Joan He’s debut novel is largely plot-driven. Hesina spends much of the novel reacting to ever-changing circumstances rather than setting her own course, or, more accurately, she thinks she’s doing her own thing and only later learns that her actions were predicted and planned for by the people who set the plot in motion. No matter what the men around her think, she refuses to be their pawn. Hesina has her own reasons for lying, stealing, and betraying, and she pushes back against those who want to make Yan their playground.
It’s so plot heavy, however, that it often comes at the expense of character development. Hesina gets most of the page time, for obvious reasons, but everyone else—Akira Lilian, Caiyan, Sanjing, Rou, Mei, Xia Zhong, Hesina’s parents, and Consort Fei—suffers by comparison. What little we know of their personalities comes from their plot-motivated reasons for interacting with Hesina and the sparse descriptions He offers of one or two particular quirks. We get just enough to distinguish the characters from each other and to make the plot work, but not enough to understand them as people independent of Hesina. Most of the time it’s fine. But the moment each character makes a life-altering choice to either help or hurt Hesina, it comes off feeling like a plot-driven action rather than natural behavior because we barely know them.
Where Descendant of the Crane truly shines is in description and setting. He takes “Chinese-inspired fantasy” to new heights. Everything about the setting is rich and vivid. In particular she delves into fashion, language, and culture. He plays on what Hesina wears or doesn’t wear, and when and why all have deeper meaning. Even the parts of her clothing Westerners might not even notice get highlighted in meaningful ways. With a language based on characters rather than letters, He can explore all the ways characters form a phrase, and how complex or simple those characters are might affect the plot. I can’t really go into more detail without spoiling one of the subplots, but it’s pretty cool to watch it all unfold.

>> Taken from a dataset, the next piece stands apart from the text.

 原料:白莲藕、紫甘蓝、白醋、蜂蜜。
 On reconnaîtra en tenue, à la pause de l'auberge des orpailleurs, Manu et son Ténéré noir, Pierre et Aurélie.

As for culture, Queen Hesina is as bound by the same social covenants as a commoner. She wants to do what’s right, but the rules laid down by the Eleven, though ostensibly meant to create a just society, limit her flexibility as a monarch. The Eleven imposed order through force of will and the genocide of soothsayers, and from that forged a new set of cultural and social traditions that eventually become as immutable as those from the relic age. By the time Hesina takes the throne, those in power have learned to shape the Tenets to their own whims and the commoners have come to think of the Eleven as legendary, all-knowing figures. At first Hesina tries to work within the parameters set by the Eleven, then she must work against the Tenets, and finally she realizes they’re just an arbitrary set of rules established by flawed people. The Tenets benefit the people of Yan, true, but at this point they function more to justify and reinforce the rule of the Eleven. Taking on the system means upending her people’s reverence for their founders and shattering the documents that form the basis of their identity and a country, a people, a culture.

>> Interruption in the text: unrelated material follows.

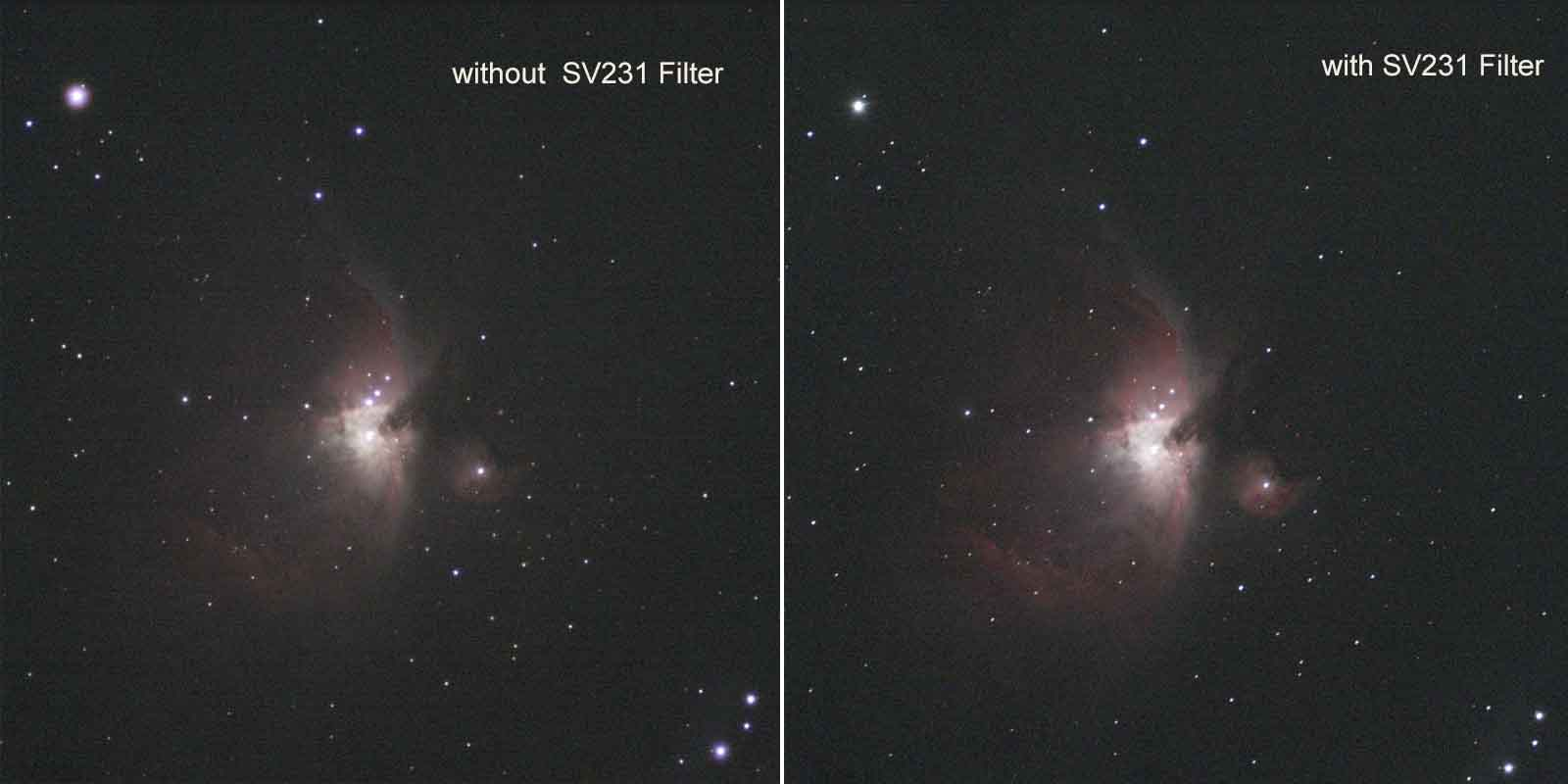 SV231 色補正フィルターは、SV48P や SV503 ED タイプのような望遠鏡を使用する天体写真家にとって、この色補正フィルターはパープル フリンジを効果的に軽減することで、特にオリオン大星雲のような天体の驚異を撮影する際の画像の品質を向上させます。 。

If I had to change something, I’d axe Hesina’s romance. It never felt necessary to the story, and shifting the two characters from lovers to friends would give more depth to their actions. That being said, the romance is done well. If you like slow burns, you’ll love this. My issue isn’t a narrative problem, but a personal annoyance. It’s blatantly obvious that Hesina will hook up with [redacted], not because they work well together or have similar interests, but because she is the protagonist and this is a book about straight people and her beau is the only male in her life that is close to her age and isn’t related to her. As much as it bucks tropes, Descendant of the Crane, like an overwhelming majority of young adult fantasy, stumbles face-first into one of the most common. Again, the romance isn’t a bad thing and doesn’t detract from the novel overall, but I also don’t think it adds anything.
If it just had sumptuous prose and a gorgeous setting, Descendant of the Crane would be an impressive undertaking. But it also wields an intriguing mystery, an appealing cast of characters, a fascinating protagonist, and a tricky, shifting plot, making Joan He’s novel a marvel to behold. I hope He returns to this world she’s created; there’s so much more to see and understand. And with that heart-pounding cliffhanger, I hope she returns sooner rather than later.
Descendant of the Crane is available from Albert Whitman Teen.
Alex Brown is a high school librarian by day, local historian by night, author and writer by passion, and an ace/aro Black woman all the time. Keep up with her on Twitter and Insta, or follow along with her reading adventures on her blog.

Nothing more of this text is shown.